Hansen and the blue-chinned newspaperman were matching coins to see who would pay for their dinners and the ensuing beers. It was the little man in the cowboy hat who won, but it was a hollow victory. It developed that Rollo Lighton had left his money in the Pullman along with his coat and necktie.
They departed finally, and Oscar Piper leaned his elbows on the table in deep self-communion. Things were beginning to fit together. And Hildegarde Withers had always insisted that he could get nowhere without the machinery of Centre Street to help him! In his suitcase right now reposed her derisive going-away gifts to him—a magnifying glass and a set of false auburn whiskers. Well, they’d see who had the last laugh.
It was with a light heart that Oscar Piper beckoned to the waiter. And then he suddenly realized that, after all the efforts he had made to memorize the Spanish for ham and eggs, the words had slipped his mind.
He said it in English several times, in a loud voice. But the waiter only flinched. And then, just as it appeared that he would have either to send for the Pullman conductor or else go hungry, a pleasant voice spoke in his ear.
“May I service you, señor ?”
Without waiting for an answer, the tall blond youth sat down opposite him, bringing his cup of coffee. He told the waiter, in flowing Spanish, to produce instantly huevos con jamón, the huevos fritos on both sides. “Okay?”
“Thanks,” said Piper grudgingly. “By the way”—he confronted his table mate—“how did you know I was from New York?”
The smile widened. “But your necktie!”
Piper stared down at the somewhat twisted and bedraggled cravat, genuinely pleased to think that there was something metropolitan about it. “The inside label, it says Epstein Kollege Klothes of Broadway,” pointed out the younger man. So it did, but the inspector instantly doubted if it could have been seen in the one brief glance the youth had given him when they met in the coach ahead.

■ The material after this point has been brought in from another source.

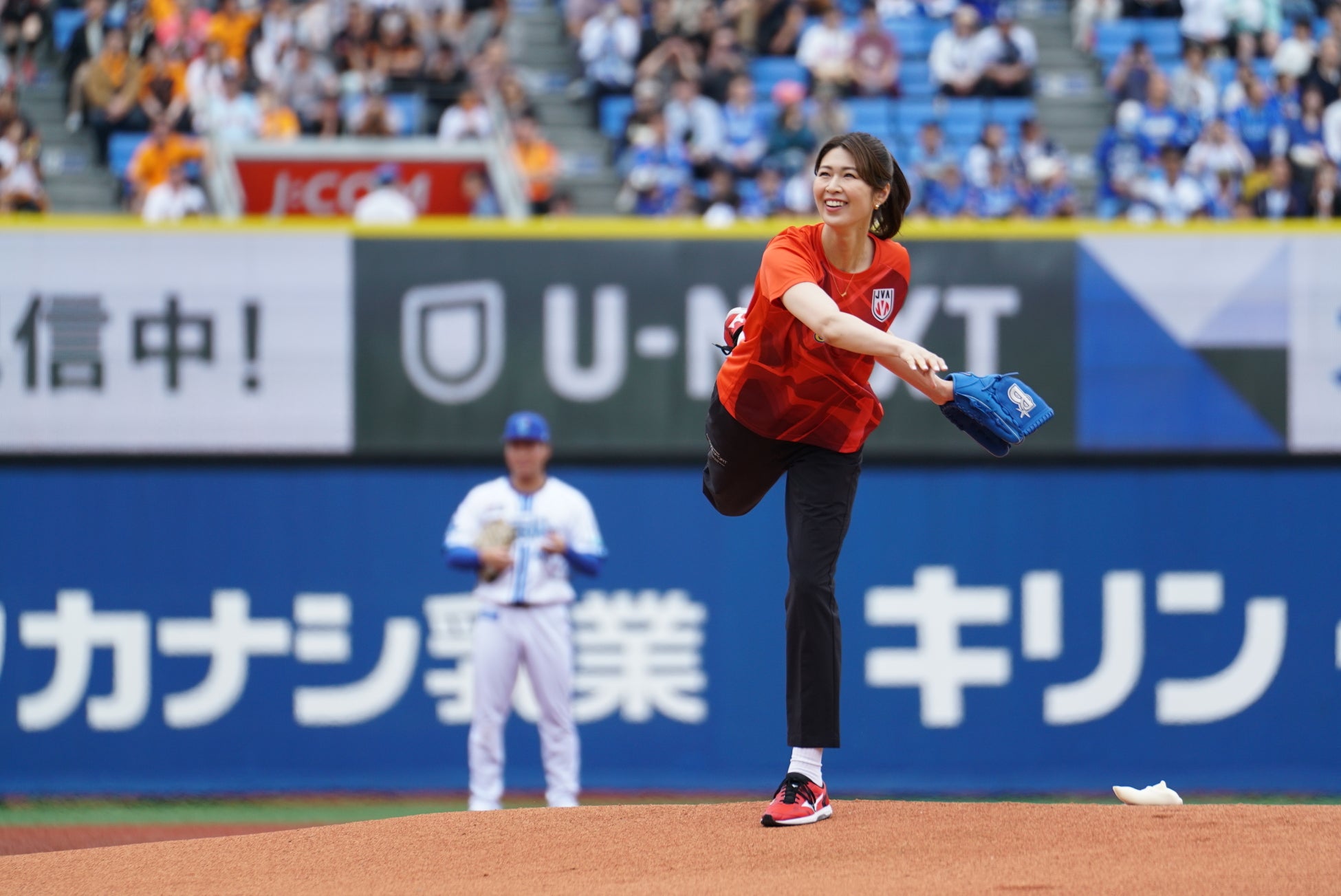 U-NEXT初の冠試合『スポーツ観るなら! U-NEXT DAY』で、元バレーボール日本代表の木村沙織が始球式を務めました。

“Didn’t doing so good with the señorita, eh?” his companion continued, as one man to another.
Piper stiffened, but the smile was an ingenuous one. “Only pretty girl on these train, hell-damn it,” went on the youth, in tortured English which the inspector thought faintly reminiscent of some play he had once had to sit through, a play about a lovely Castilian girl and an American aviator and a bandit who was “the best damn caballero in all Meheeko.”
“She didn’t encouraging me so much neither,” the youth went on. “But I know her name. Her name is Dulcie, and that means ‘dessert’ in my language.”
The ham and eggs arrived. “You live here, then?” Piper asked.
“Allow me!” With a flourish the young man produced a narrow engraved card bearing the name Señor Julio Carlos Mendez S. “The initial is for Schley, my mother’s name,” he explained. “I use it to give a something at the end, you understand? From my German mother” I get my blondness. Everybody takes me for one American, I’ll tell you. Because I speak such hell-damn good English. I pick that up in Tijuana when I used to go there for spending the money my papa make raising bulls for the bull ring. Me, I like very much Americans.”
Piper introduced himself, without going into his official status. “¡ Mucho gusto, señor !” They solemnly shook hands.
“I like girl Americans,” Julio Carlos Mendez S. went on cheerily. “I like to learn slang from pretty señoritas. Not many pretty girls on these train, except Miss Dulcie and”—he added this most casually—“the lady in our Pullman who make all the peddlers on the platform happy buying so many curios.”
The inspector suddenly realized that the other was watching him covertly, waiting for an answer.
He nodded and went on eating.
Julio leaned confidentially closer. “I hear stories that there was this afternoon a misfortunate accident on this train. In that lady’s room!”